После это разговор потек вяло, но несмотря на это, мы умудрились просидеть на свежем воздухе рядом друг с другом не менее пары часов. За это время по-прежнему находившееся у меня в руках дитя успело проснуться пару раз и выдавить из себя небольшое количество мало напоминавших плач нечленораздельных звуков, но до какофонии не дошло.
— Ну что, я, пожалуй пойду, — сказал я, чувствуя, что устал сидеть, а затем поднялся.
— Да, да. — ответил Ливий, и я заметил, что вид у него такой, будто он к чему-то усердно прислушивается.
— А ты продолжать пойдешь? — осведомился я, подразумевая не докопанную могилу.
— Непременно, только сначала узнаю, чего они хотят. — вымолвил могильщик и направил руку в каком-то направлении. Я подумал, что он опять говорит о трупах как о живых, но машинально все равно посмотрел в ту сторону, куда указывала его ладонь.
И там действительно кипела жизнь — не менее дюжины полицейских автомобилей один за одним парковались у главного входа в кладбище. Когда последние еще окончательно не остановились, из первых уже вылезали клоны, один уже даже открывал калитку.
Ужас овладел мной, и я, будучи целиком и полностью скован им, не двигался с места несколько секунд, затем же, совершив над собой многого стоившее усилие, развернулся и побежал. Ноги несли меня в направлении, подразумевавшем возможность отдалиться от преследователей.
Ни разу не оглянувшись и крепко вцепившись в сверток, в котором хранилось начавшее верезжать чадо, я достиг ограды, представлявшей собой барьер в половину моего роста. В момент преодоления последней мой взгляд был обращен в сторону гнавшихся за мной. Трое из них были совсем близко, на расстоянии не более тридцати метров. В руках они держали рукояти пистолетов, а их раскрасневшиеся лица были невозмутимы.

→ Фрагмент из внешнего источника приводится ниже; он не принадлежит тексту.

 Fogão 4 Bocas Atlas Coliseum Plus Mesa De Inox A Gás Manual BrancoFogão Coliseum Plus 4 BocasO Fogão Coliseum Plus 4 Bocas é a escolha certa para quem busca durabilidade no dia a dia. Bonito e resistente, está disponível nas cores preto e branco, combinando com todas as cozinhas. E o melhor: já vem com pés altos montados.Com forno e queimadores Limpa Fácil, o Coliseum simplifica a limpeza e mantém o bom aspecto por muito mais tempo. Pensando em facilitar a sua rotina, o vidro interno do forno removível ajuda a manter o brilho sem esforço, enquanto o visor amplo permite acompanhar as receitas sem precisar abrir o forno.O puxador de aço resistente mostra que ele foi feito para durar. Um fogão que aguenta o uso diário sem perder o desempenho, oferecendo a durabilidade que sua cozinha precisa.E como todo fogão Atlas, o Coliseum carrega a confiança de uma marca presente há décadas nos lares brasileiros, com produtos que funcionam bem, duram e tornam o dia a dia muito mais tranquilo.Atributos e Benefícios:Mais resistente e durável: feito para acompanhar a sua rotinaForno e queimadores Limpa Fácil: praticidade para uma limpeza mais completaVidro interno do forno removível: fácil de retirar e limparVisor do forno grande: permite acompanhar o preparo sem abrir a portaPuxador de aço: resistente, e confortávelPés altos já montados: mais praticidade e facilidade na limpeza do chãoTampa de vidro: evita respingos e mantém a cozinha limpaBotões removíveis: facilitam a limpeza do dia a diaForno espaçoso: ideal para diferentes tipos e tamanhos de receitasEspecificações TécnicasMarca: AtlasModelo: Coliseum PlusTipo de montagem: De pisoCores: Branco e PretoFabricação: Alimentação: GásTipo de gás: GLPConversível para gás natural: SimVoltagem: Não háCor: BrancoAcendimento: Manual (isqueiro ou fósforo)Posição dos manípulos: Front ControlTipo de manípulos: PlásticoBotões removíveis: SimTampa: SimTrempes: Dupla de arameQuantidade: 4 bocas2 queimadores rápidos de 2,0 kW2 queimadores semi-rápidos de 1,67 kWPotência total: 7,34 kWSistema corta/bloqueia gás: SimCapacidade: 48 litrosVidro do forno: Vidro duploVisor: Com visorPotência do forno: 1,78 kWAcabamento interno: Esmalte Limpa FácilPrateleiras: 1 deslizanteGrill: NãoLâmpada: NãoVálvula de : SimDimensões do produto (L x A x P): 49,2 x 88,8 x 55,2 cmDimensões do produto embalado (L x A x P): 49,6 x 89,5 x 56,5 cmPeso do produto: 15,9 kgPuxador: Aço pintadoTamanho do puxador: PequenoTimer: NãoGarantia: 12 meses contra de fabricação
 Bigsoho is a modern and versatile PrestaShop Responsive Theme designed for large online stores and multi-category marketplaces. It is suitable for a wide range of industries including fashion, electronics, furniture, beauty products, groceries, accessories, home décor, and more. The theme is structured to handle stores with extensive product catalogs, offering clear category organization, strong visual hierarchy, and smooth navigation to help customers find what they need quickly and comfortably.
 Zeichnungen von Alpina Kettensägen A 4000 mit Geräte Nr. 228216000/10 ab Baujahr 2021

Когда я уже отвернулся и продолжил бегство, кто-то из этой тройки крикнул «Остановитесь!». Через пару мгновений за спиной моей раздались выстрелы, а над головой засвистели пули.
Вот он рядом, лес! Сейчас это сборище деревьев и трав является шансом на спасение. Добежать бы и не испустить при этом дух. Вдруг я чувствую легкий толчок в левую руку, и думаю, что в меня попали, однако боли никакой не ощущаю. Наверное, адреналин в крови заглушает сигналы нервов, пытающихся рапортовать в мозг, что нарушена целостность организма.

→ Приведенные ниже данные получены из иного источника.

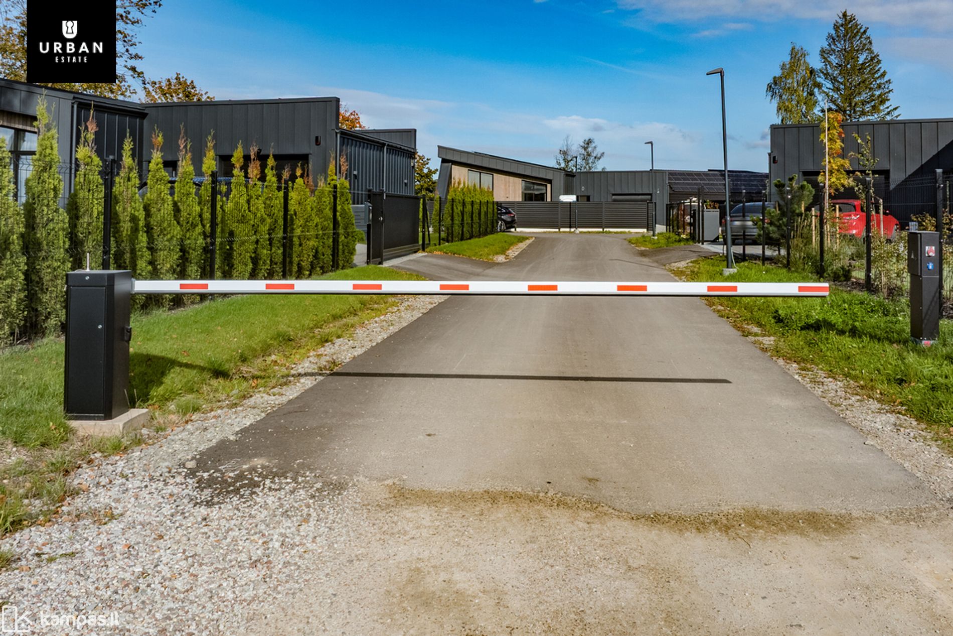- Aplink įsikūrusi solidi gyvenamųjų namų kaimynystė, į kurią patekimas per pakeliamą užkardą. Patogus privažiavimo kelias iki pat namo teritorijos.
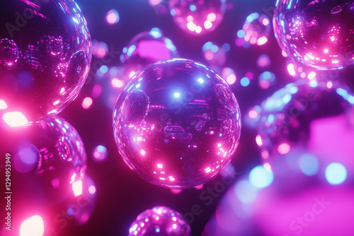 A mesmerizing 3D abstract background showcasing a surreal blend of floating neon orbs and streaming holographic data, forming an intricate web of luminous connections. The reflective surfaces and

Непрерывный бег длился не менее пятнадцати минут. Выстрелы сначала становились менее громкими, а потом и вовсе перестали быть различимыми вместе с редкими окликами клонов. Сильно устав, я в изнеможении сел на землю, и стал смотреть на окровавленную руку и окровавленную простыню, укутывавшую младенца. Странно, даже сейчас нет ни малейшего намека на боль, хотя, казалось бы, такое количество темно красной жидкости должно говорить о серьезном ранении. Ну да ладно.